* **What is expected**:
Copy out the data below from the line containing "この期間はまだ予測のばらつき" to the line containing "Das „Legendenpaket Captain", both lines included, with all images left out.

* **Exercise inputs**:

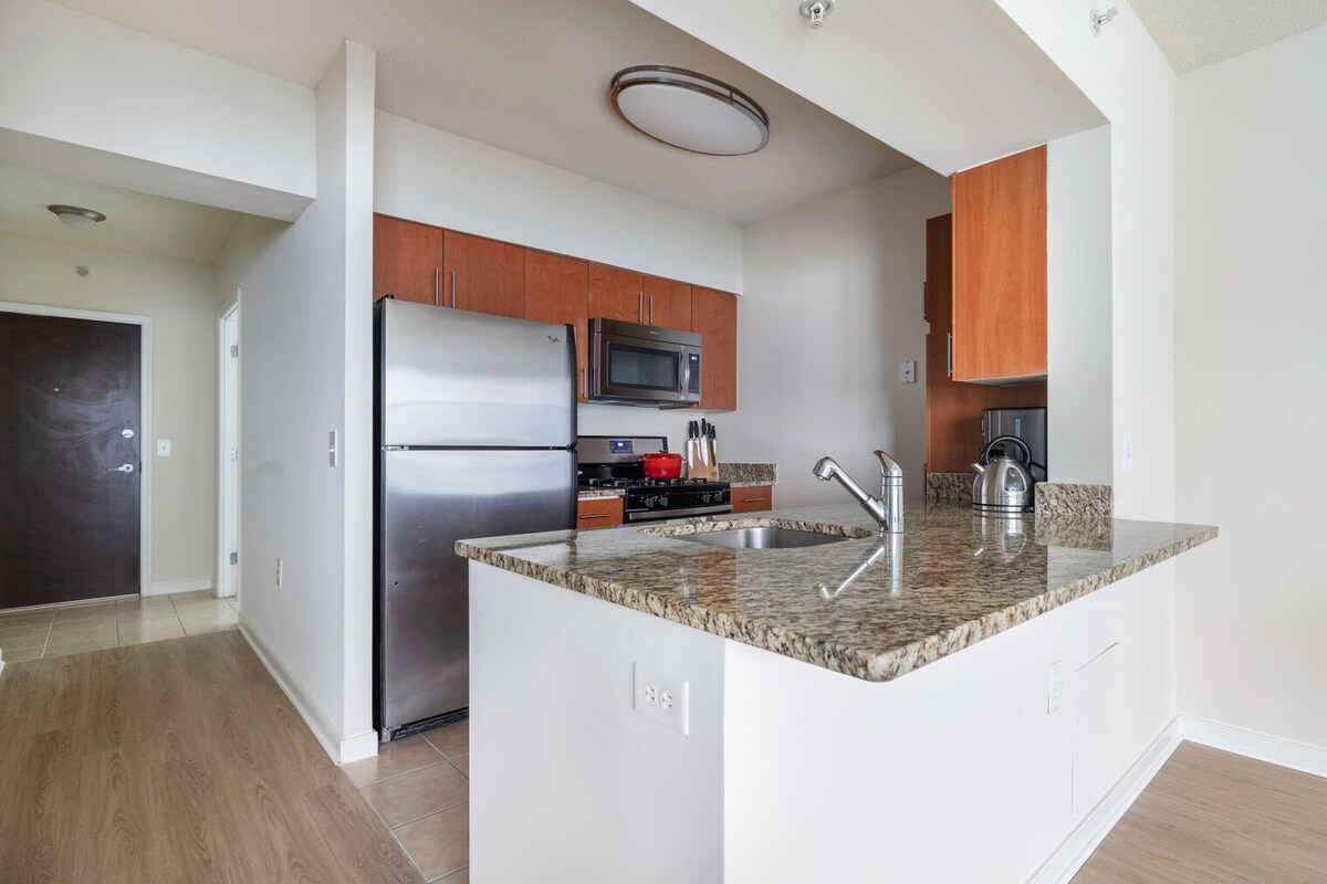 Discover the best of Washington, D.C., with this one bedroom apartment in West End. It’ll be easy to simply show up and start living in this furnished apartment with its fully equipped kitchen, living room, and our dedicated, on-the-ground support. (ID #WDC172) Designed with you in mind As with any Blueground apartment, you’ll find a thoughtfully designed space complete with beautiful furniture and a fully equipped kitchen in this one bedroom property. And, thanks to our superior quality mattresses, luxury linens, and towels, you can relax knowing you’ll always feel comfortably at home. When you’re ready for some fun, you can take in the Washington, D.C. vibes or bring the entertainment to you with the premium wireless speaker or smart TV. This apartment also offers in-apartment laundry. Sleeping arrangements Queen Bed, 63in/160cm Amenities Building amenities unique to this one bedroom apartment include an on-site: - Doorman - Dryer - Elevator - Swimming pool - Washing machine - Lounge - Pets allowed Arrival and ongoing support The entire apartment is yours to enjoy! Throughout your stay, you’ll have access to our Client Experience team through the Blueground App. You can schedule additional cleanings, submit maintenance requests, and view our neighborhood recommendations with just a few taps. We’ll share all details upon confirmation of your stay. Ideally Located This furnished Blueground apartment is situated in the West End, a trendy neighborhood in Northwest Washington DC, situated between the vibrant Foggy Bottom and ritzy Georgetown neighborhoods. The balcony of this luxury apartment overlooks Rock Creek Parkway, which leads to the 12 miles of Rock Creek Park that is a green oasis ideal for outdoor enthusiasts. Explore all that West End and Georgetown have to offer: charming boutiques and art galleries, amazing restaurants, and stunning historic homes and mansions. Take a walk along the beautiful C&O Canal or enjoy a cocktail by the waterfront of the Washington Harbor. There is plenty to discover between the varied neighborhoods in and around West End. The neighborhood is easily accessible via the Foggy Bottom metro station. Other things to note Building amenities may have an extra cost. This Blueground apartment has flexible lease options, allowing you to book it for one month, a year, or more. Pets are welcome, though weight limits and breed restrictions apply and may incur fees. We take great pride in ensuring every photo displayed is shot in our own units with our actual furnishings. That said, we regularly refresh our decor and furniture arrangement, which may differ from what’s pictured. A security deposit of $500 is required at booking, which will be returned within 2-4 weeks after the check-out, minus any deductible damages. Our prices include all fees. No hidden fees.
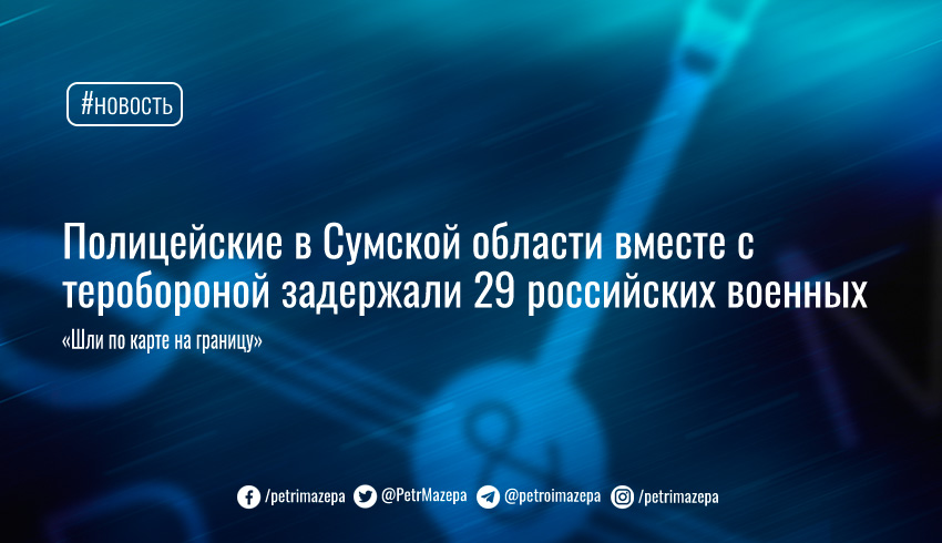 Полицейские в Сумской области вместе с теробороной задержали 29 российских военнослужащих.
* * *
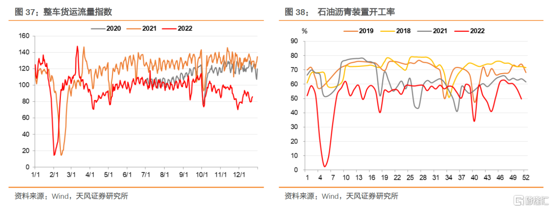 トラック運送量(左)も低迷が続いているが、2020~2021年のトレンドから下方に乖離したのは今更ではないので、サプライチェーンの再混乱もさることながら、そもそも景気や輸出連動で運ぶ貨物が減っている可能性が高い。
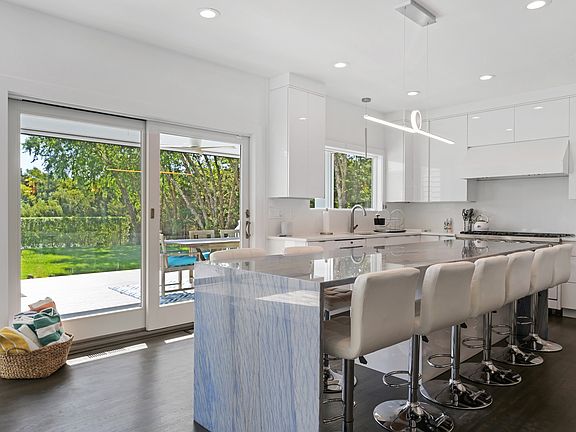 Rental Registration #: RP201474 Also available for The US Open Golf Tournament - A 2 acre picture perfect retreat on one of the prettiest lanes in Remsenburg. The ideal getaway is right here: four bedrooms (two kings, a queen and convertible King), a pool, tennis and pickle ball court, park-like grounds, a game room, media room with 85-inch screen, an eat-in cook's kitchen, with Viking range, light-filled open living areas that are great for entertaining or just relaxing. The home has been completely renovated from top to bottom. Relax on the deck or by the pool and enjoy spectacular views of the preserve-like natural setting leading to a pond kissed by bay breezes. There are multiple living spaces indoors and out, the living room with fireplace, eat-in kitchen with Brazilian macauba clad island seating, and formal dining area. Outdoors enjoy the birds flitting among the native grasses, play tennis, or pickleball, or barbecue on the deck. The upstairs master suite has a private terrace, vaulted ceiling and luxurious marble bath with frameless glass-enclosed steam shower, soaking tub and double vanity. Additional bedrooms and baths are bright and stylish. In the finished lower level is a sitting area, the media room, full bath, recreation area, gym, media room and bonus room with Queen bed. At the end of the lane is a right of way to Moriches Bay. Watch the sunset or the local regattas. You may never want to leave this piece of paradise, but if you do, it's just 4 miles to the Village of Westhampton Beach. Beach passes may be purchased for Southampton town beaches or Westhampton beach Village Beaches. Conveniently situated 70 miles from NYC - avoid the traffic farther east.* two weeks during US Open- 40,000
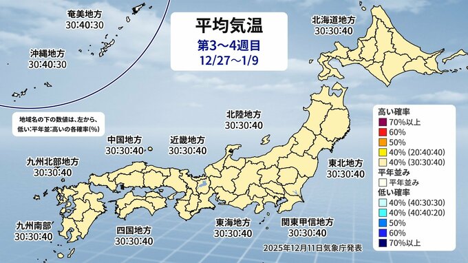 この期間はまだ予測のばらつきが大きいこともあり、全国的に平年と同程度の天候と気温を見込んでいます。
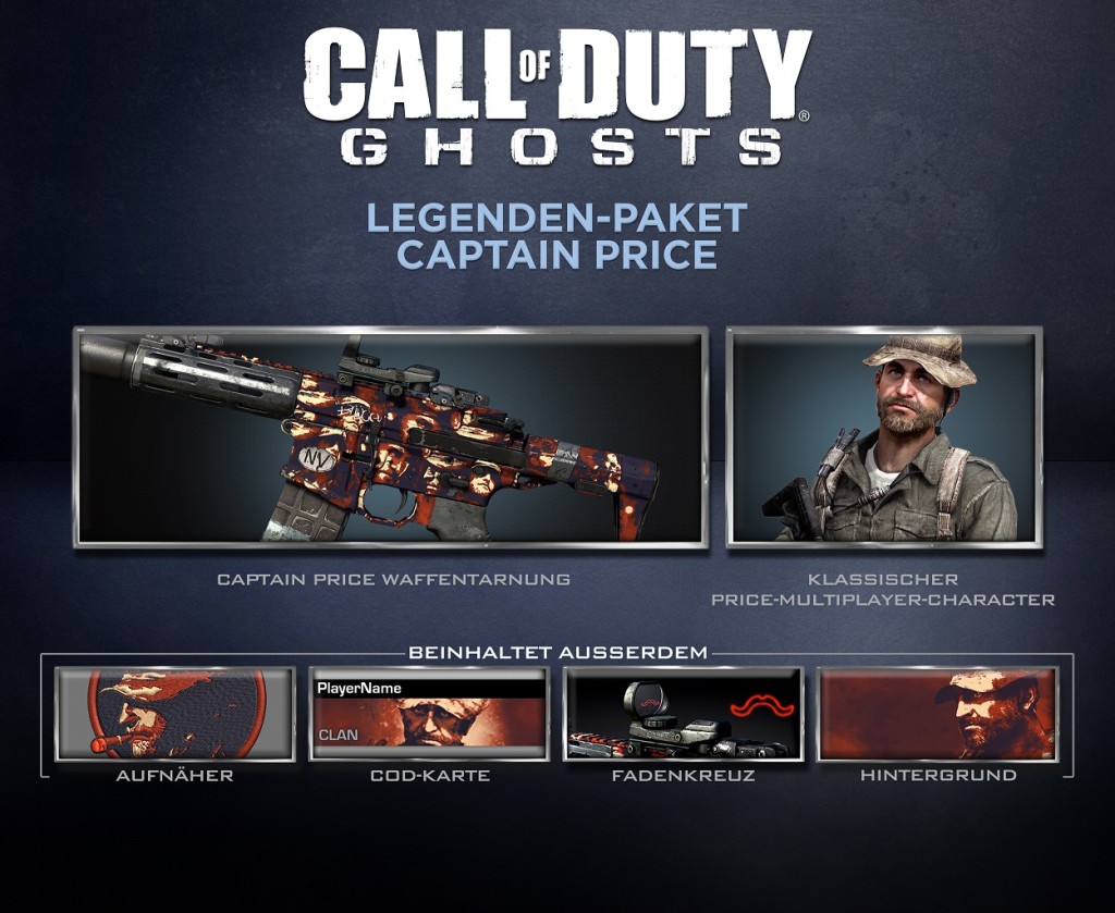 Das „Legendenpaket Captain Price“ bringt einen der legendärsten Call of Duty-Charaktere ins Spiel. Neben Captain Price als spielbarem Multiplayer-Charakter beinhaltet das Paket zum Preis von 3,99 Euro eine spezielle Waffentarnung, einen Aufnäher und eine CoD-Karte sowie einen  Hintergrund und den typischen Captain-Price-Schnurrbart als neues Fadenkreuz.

* **Answer space**:
 この期間はまだ予測のばらつきが大きいこともあり、全国的に平年と同程度の天候と気温を見込んでいます。
 Das „Legendenpaket Captain Price“ bringt einen der legendärsten Call of Duty-Charaktere ins Spiel. Neben Captain Price als spielbarem Multiplayer-Charakter beinhaltet das Paket zum Preis von 3,99 Euro eine spezielle Waffentarnung, einen Aufnäher und eine CoD-Karte sowie einen  Hintergrund und den typischen Captain-Price-Schnurrbart als neues Fadenkreuz.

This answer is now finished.